Source data:
■ ■ ■ ■

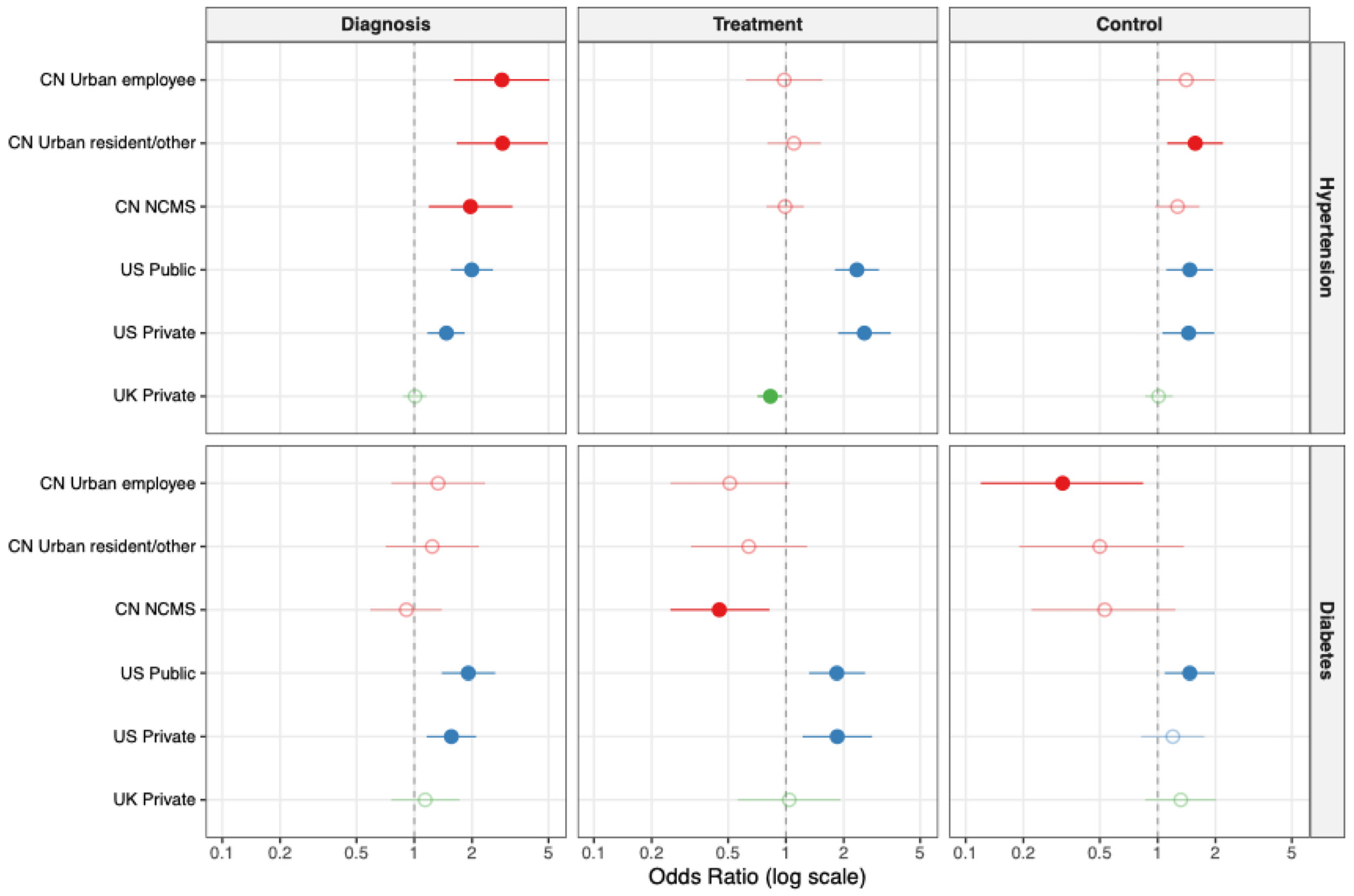 Chicago/Turabian StyleNie, Yutong, Qiaorong Huang, Wentong Meng, Xue Li, Lei Chen, and Xianming Mo. 2026. "Inequities in the Hypertension and Diabetes Care Cascade: A Comparison of SES and Insurance in China, the US, and the UK" Healthcare 14, no. 4: 501. https://doi.org/10.3390/healthcare14040501
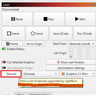 Let’s try a right click on the Devices button in the “Laser” window to reset the current connection:
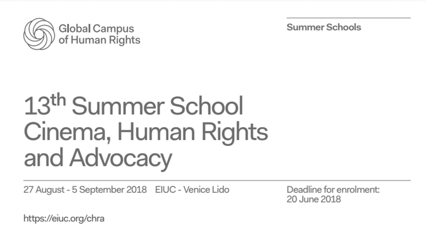 The 13th edition of the Summer School in Cinema Human Rights and Advocacy is a training initiative jointly developed by EIUC and CHRA. The 10-day intense training is aimed at young professionals wishing to broaden their understanding on the connections between human rights, films, digital media and video advocacy, to share ideas and foster participatory and critical thinking on urgent human rights issues, debate with experts and filmmakers from all over the world during the 75th Venice International Film Festival and learn how to use films as a tool for social and cultural change.
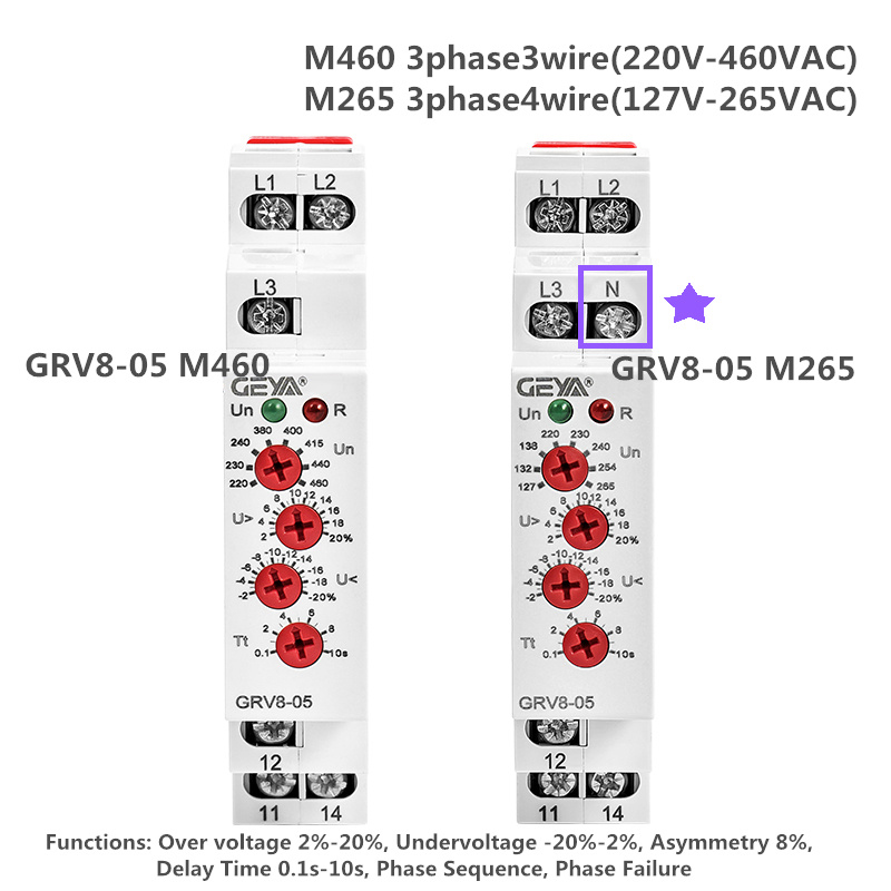 ใช้งานสำหรับป้องกันอุปกรณ์ในระบบไฟฟ้าและโหลดเสียหายจากไฟตกไฟเกิน มาไม่ครบเฟส Phase Sequence & Phase Failure & Asymmetry 8% ( P - N ) Voltage : 127, 132, 138, 220,230,240,254,265V ( 3Phase 3Wire )
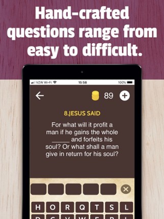 Bible Quiz 2025 - Word Games: The Ultimate Bible Trivia Challenge Are you ready to test and expand your knowledge of the Bible? Bible Quiz 2025 - Word Games is an exciting and educational trivia game that challenges you to guess answers based on engaging picture clues. Whether you are a devoted believer, a Bible scholar, or just someone looking to learn more about the scriptures, this game will p… If you enjoyed this game, see our list of games similar to Bible Quiz 2025 - Word Games.

■ ■ ■ ■

■ Task details:
Begin at the line in the entries above that has "Let’s try a", stop after the line that has "3Phase 3Wire )", and output exactly those lines without pictures.

■ Response to the task:
 Let’s try a right click on the Devices button in the “Laser” window to reset the current connection:
 The 13th edition of the Summer School in Cinema Human Rights and Advocacy is a training initiative jointly developed by EIUC and CHRA. The 10-day intense training is aimed at young professionals wishing to broaden their understanding on the connections between human rights, films, digital media and video advocacy, to share ideas and foster participatory and critical thinking on urgent human rights issues, debate with experts and filmmakers from all over the world during the 75th Venice International Film Festival and learn how to use films as a tool for social and cultural change.
 ใช้งานสำหรับป้องกันอุปกรณ์ในระบบไฟฟ้าและโหลดเสียหายจากไฟตกไฟเกิน มาไม่ครบเฟส Phase Sequence & Phase Failure & Asymmetry 8% ( P - N ) Voltage : 127, 132, 138, 220,230,240,254,265V ( 3Phase 3Wire )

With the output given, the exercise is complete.